A bacterial acetyltransferase destroys plant microtubule networks and blocks secretion

Authors: LEE, AHY - University Of Toronto; HURLEY, B - University Of Toronto; FELSENSTEINER, C - University Of Toronto; YEA, C - University Of Toronto; CKURSHUMOVA, W - University Of Toronto; BARTETZKO, V - Friedrich-Alexander University; WANG, P - University Of Toronto; QUACH, V - University Of Toronto; Lewis, Jennifer; LIU, Y - University Of Toronto; BORNKE, F - Friedrich-Alexander University; ANGERS, S - University Of Toronto; WILDE, A - University Of Toronto; GUTTMAN, D - University Of Toronto; DESVEAUX, D - University Of Toronto

Submitted to: PLoS Pathogens
Publication Type: Peer Reviewed Journal
Publication Acceptance Date: 12/20/2011
Publication Date: 2/2/2012
Citation: Lee, A., Hurley, B., Felsensteiner, C., Yea, C., Ckurshumova, W., Bartetzko, V., Wang, P.W., Quach, V., Lewis, J.D., Liu, Y.C., Bornke, F., Angers, S., Wilde, A., Guttman, D.S., Desveaux, D. 2012. A bacterial acetyltransferase destroys plant microtubule networks and blocks secretion. PLoS Pathogens. 8(2): e1002523.

Interpretive Summary: Many bacterial pathogens disrupt key components of host physiology by injecting virulence proteins (or “effectors”) via a needle-like structure, called the type III secretion system, directly into eukaryotic cells. The YopJ / HopZ superfamily of type III secreted effector proteins is found in pathogens of both animals and plants providing an excellent opportunity to address how a family of type III secreted effectors can promote pathogenesis in hosts from two kingdoms. YopJ from the animal pathogen Yersinia pestis is an acetyltransferase that targets signaling components of innate immunity and prevents their activation. Here we show that HopZ1a, from the phytopathogen Pseudomonas syringae is an acetyltransferase that binds plant tubulin. Like YopJ, the eukaryotic cofactor phytic acid activates the acetyltransferase activity of HopZ1a. In addition, we demonstrate that activated HopZ1a can acetylate tubulin, a major constituent of the eukaryotic cytoskeleton. In plants, activated HopZ1a causes a dramatic destruction of microtubule networks, inhibits protein secretion, and ultimately suppresses cell wall-mediated defense. Our study emphasizes the functional diversification of this important type III effector family in plant and animal hosts using a conserved acetyltransferase activity.
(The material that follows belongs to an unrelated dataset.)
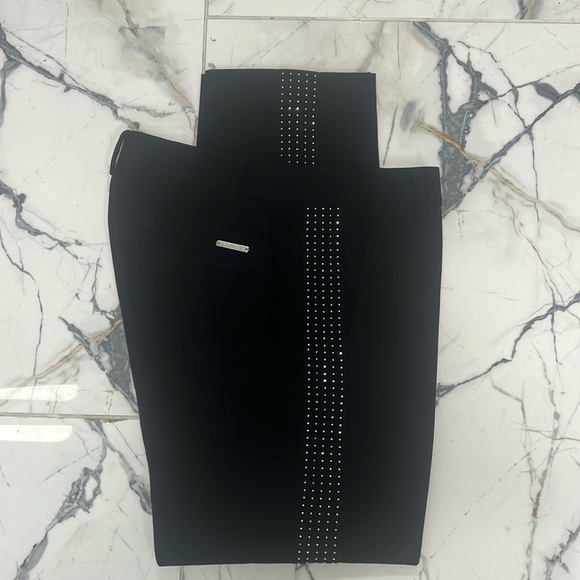 PREOWNED black pants, size 2. Straight legs, made of polyester and viscose.

Technical Abstract: The eukaryotic cytoskeleton is essential for structural support and intracellular transport, and is therefore a common target of animal pathogens. However, no phytopathogenic effector has yet been demonstrated to specifically target the plant cytoskeleton. Here we show that the Pseudomonas syringae type III secreted effector HopZ1a interacts with tubulin and polymerized microtubules. We demonstrate that HopZ1a is an acetyltransferase activated by the eukaryotic co-factor phytic acid. Activated HopZ1a acetylates itself and tubulin. The conserved autoacetylation site of the YopJ / HopZ superfamily, K289, plays a critical role in both the avirulence and virulence function of HopZ1a. Furthermore, HopZ1a requires its acetyltransferase activity to cause a dramatic decrease in Arabidopsis thaliana microtubule networks, disrupt the plant secretory pathway and suppress cell wall-mediated defense. Together, this study supports the hypothesis that HopZ1a promotes virulence through cytoskeletal and secretory disruption.